### Your goal
Starting with the line below that holds "They can be" and stopping after the line that holds "Pechuga de pollo", transcribe the lines exactly, leaving out all pictures.
== Task input
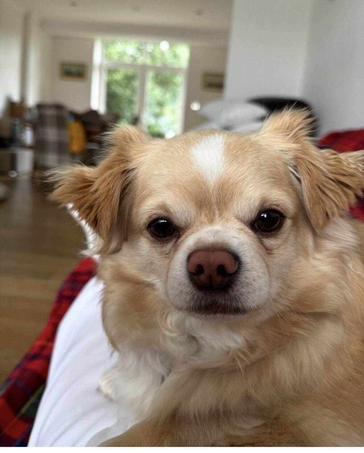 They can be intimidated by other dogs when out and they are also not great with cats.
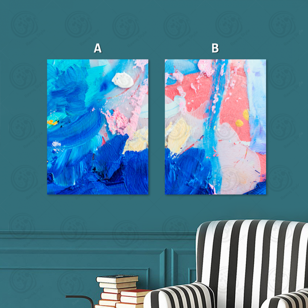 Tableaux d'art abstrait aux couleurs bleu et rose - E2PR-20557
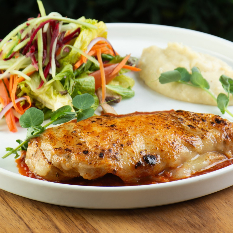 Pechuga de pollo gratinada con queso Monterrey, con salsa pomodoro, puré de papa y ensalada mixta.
====
== Task input
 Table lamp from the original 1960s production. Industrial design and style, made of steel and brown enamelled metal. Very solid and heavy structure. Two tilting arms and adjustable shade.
====
== Task input
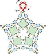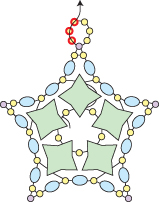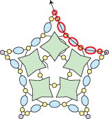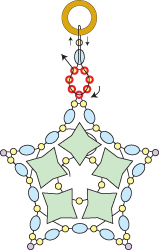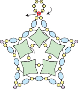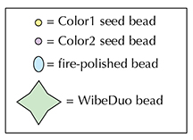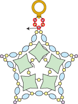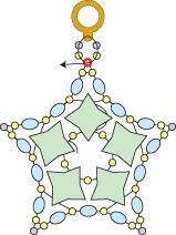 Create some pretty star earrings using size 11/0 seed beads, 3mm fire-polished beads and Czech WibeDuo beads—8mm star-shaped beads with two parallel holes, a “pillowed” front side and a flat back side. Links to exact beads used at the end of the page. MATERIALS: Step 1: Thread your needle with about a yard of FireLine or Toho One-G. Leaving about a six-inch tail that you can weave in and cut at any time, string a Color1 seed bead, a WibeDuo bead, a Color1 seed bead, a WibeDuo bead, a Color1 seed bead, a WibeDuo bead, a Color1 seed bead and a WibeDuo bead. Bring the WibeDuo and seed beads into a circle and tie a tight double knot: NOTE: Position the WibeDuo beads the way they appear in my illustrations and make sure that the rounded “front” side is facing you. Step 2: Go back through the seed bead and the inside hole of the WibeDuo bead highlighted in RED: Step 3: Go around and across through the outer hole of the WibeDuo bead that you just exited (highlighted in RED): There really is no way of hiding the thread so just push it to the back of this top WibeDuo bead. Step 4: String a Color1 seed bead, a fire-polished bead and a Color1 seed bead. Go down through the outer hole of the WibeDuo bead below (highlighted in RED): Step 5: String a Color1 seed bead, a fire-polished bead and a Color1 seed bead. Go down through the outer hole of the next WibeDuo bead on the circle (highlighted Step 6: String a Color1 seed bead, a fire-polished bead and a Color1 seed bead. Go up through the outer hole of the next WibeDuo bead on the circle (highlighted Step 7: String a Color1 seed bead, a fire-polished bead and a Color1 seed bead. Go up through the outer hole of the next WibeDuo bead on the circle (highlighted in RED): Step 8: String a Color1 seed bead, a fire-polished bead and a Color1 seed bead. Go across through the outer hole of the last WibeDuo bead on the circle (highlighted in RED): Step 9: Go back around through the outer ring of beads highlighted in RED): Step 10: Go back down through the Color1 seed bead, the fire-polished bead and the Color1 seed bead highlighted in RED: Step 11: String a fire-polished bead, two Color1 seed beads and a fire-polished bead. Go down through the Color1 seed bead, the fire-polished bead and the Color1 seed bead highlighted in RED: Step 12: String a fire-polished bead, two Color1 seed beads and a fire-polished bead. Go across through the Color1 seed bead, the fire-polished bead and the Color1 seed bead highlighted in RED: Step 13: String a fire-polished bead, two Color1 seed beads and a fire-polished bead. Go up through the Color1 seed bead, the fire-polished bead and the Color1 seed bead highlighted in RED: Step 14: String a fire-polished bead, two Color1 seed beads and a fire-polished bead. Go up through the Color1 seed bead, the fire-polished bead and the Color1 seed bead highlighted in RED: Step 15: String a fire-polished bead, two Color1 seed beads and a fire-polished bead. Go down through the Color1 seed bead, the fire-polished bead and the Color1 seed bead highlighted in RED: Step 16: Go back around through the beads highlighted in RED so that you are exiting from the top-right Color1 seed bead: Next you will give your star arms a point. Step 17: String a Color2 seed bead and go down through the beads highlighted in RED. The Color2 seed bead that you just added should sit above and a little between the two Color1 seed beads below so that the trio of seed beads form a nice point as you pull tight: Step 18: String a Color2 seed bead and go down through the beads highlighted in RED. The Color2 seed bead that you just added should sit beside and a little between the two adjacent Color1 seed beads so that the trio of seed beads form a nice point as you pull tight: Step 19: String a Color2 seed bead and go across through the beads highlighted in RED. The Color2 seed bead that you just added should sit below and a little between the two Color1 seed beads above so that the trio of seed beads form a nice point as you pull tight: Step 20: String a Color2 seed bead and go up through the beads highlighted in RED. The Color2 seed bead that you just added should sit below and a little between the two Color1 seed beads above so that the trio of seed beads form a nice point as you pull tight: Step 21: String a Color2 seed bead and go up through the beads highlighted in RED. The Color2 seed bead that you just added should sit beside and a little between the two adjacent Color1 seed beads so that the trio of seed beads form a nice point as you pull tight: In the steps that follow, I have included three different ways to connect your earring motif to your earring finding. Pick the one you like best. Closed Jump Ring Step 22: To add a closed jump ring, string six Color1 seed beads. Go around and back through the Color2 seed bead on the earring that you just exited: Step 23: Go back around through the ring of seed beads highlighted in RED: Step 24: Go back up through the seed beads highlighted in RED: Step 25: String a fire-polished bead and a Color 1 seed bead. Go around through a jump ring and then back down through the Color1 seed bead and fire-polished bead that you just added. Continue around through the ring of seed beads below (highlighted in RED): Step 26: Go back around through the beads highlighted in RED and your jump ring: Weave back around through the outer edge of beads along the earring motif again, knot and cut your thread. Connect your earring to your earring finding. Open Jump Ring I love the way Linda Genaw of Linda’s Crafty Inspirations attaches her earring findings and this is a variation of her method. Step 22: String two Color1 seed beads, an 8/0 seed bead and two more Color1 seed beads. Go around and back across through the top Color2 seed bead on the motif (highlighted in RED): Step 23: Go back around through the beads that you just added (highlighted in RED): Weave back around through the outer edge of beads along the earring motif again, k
====
### Solution
 They can be intimidated by other dogs when out and they are also not great with cats.
 Tableaux d'art abstrait aux couleurs bleu et rose - E2PR-20557
 Pechuga de pollo gratinada con queso Monterrey, con salsa pomodoro, puré de papa y ensalada mixta.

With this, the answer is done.